===== Information

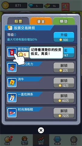 除了员工所提供的项目之外,玩家还能够在股市里自由地进行股票、基金、期货等类型的买卖交易,从而开展多样化的投资活动。
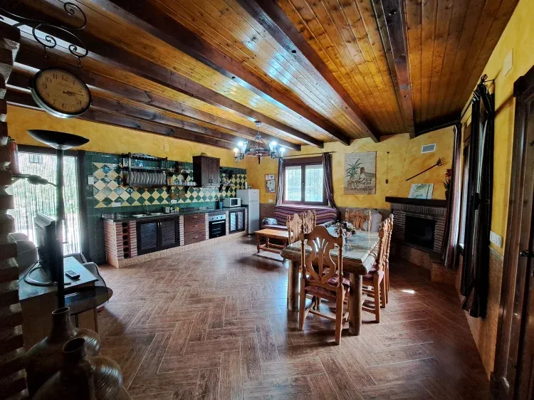 Dispone de comedor- cocina con chimenea, en esta hay vitrocerámica, horno y frigorífico
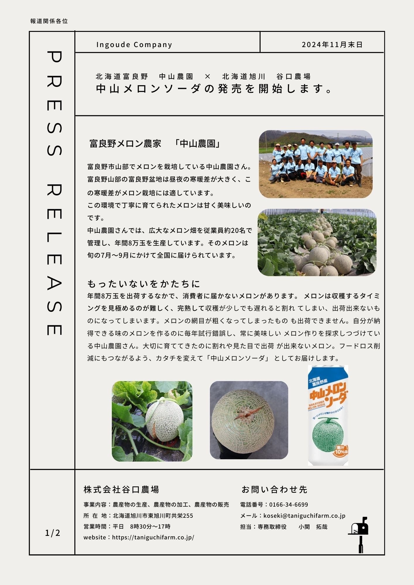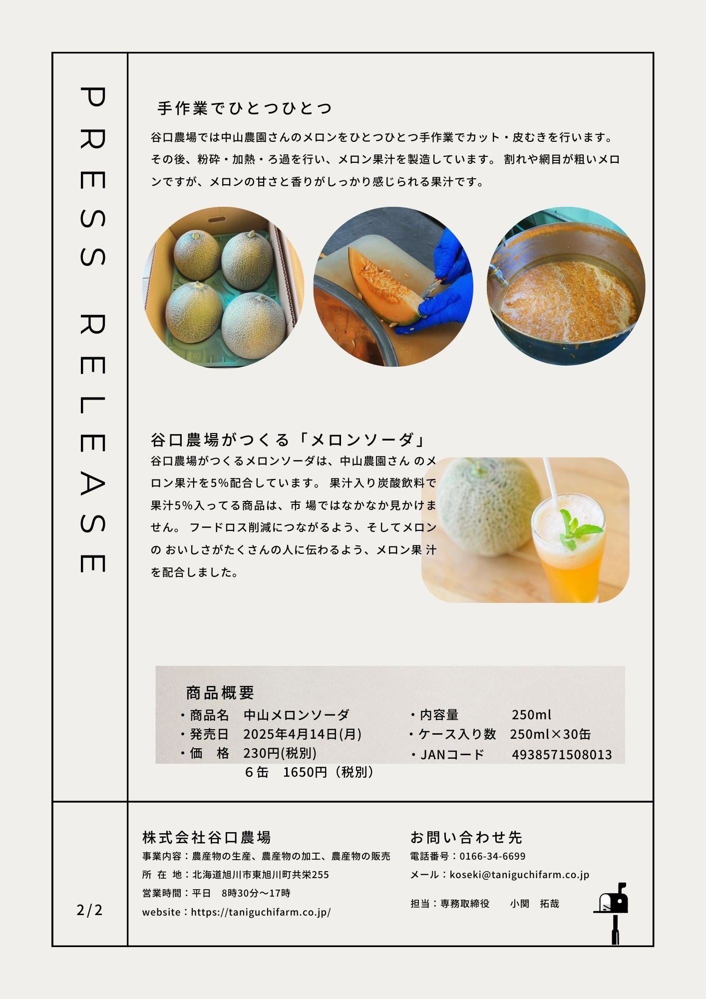 2025年4月14日、株式会社谷口農場(本社:北海道旭川市東旭川町共栄255、代表取締役:谷口威裕)は、富良野中山農園メロンソーダを発表しました。この新たな商品は谷口農場、旭川空港、旭川道の駅、きたキッチン、富良野マルシェ、新千歳空港等にて購入可能です。
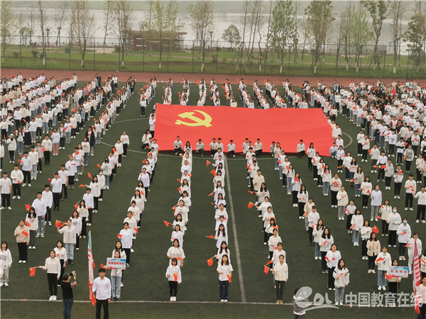 仪式最后,千余名师生合唱《没有共产党就没有新中国》,以激昂嘹亮的歌声表达深切的爱党之情。(通讯员/卢思涵、陈美玲 摄影/黄愈)
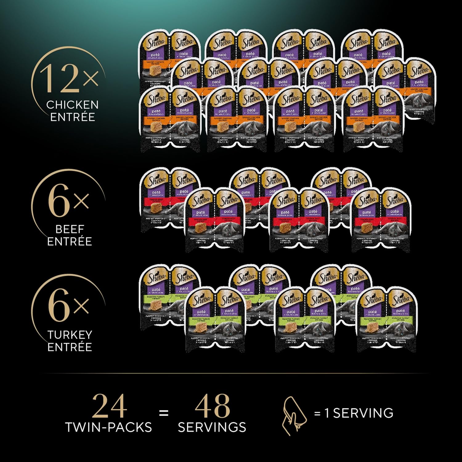 - Delicious Recipe: Sheba Perfect Portions Wet Cat Food Pate is formulated without grains, corn, or soy and contains no artificial flavors or preservatives; although trace amounts may be present due to cross-contact during manufacturing.
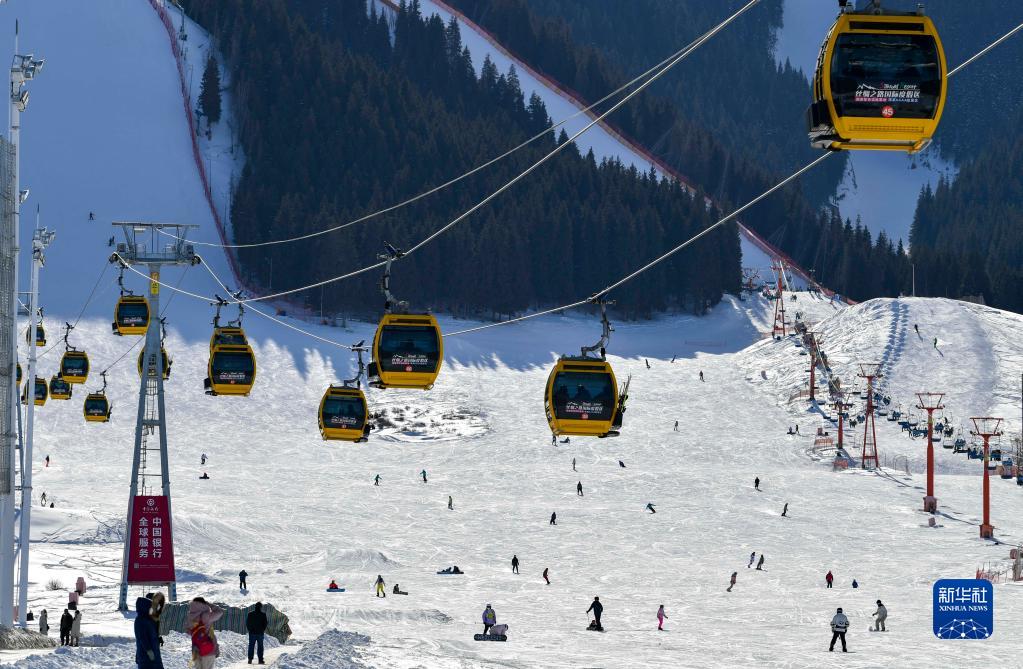 天空湛藍清澈,大地銀裝素裹……在新疆阿勒泰地區的雪道上,游客王先生和家人在冰雪世界中盡情馳騁。
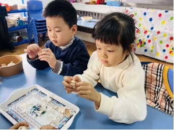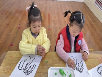 小一班宝贝们以粘土为笔,揉搓粘贴间,细致观察柳芽的嫩色与形态,在指尖创作中感知春季物候更迭,既锻炼手眼协调与精细动作,更让想象力随柳芽一同破土生长,解锁美术创作的满满乐趣。
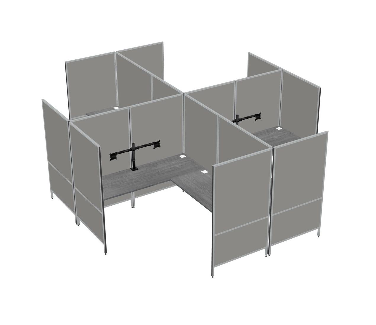 Système De Panneaux Modulaires Modernes Gris En Forme De L à Quatre Bras + Bras De Moniteur (double Bras)
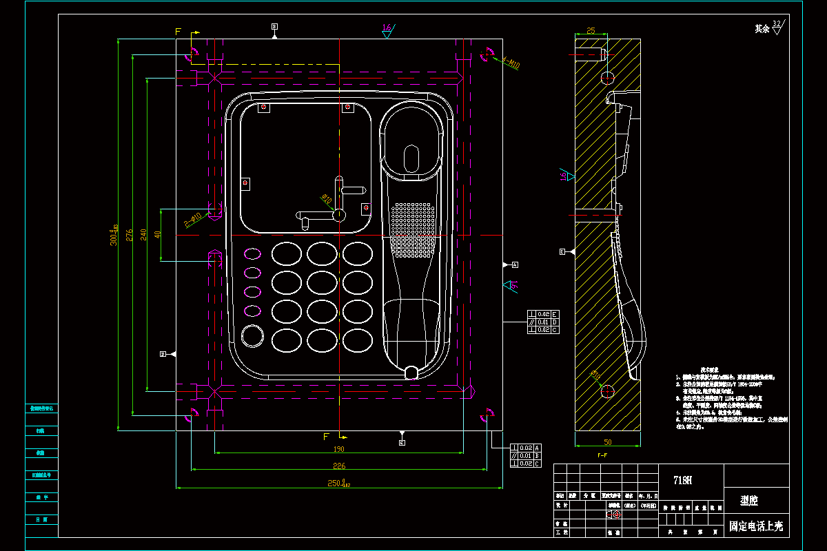关键词:模具;注塑模具;模具结构;电话机座面板;潜伏式浇口;注射机

==========

Goal of the exercise:
The entries above are to be copied exactly, with every picture left out.

Final answer:
 除了员工所提供的项目之外,玩家还能够在股市里自由地进行股票、基金、期货等类型的买卖交易,从而开展多样化的投资活动。
 Dispone de comedor- cocina con chimenea, en esta hay vitrocerámica, horno y frigorífico
 2025年4月14日、株式会社谷口農場(本社:北海道旭川市東旭川町共栄255、代表取締役:谷口威裕)は、富良野中山農園メロンソーダを発表しました。この新たな商品は谷口農場、旭川空港、旭川道の駅、きたキッチン、富良野マルシェ、新千歳空港等にて購入可能です。
 仪式最后,千余名师生合唱《没有共产党就没有新中国》,以激昂嘹亮的歌声表达深切的爱党之情。(通讯员/卢思涵、陈美玲 摄影/黄愈)
 - Delicious Recipe: Sheba Perfect Portions Wet Cat Food Pate is formulated without grains, corn, or soy and contains no artificial flavors or preservatives; although trace amounts may be present due to cross-contact during manufacturing.
 天空湛藍清澈,大地銀裝素裹……在新疆阿勒泰地區的雪道上,游客王先生和家人在冰雪世界中盡情馳騁。
 小一班宝贝们以粘土为笔,揉搓粘贴间,细致观察柳芽的嫩色与形态,在指尖创作中感知春季物候更迭,既锻炼手眼协调与精细动作,更让想象力随柳芽一同破土生长,解锁美术创作的满满乐趣。
 Système De Panneaux Modulaires Modernes Gris En Forme De L à Quatre Bras + Bras De Moniteur (double Bras)
关键词:模具;注塑模具;模具结构;电话机座面板;潜伏式浇口;注射机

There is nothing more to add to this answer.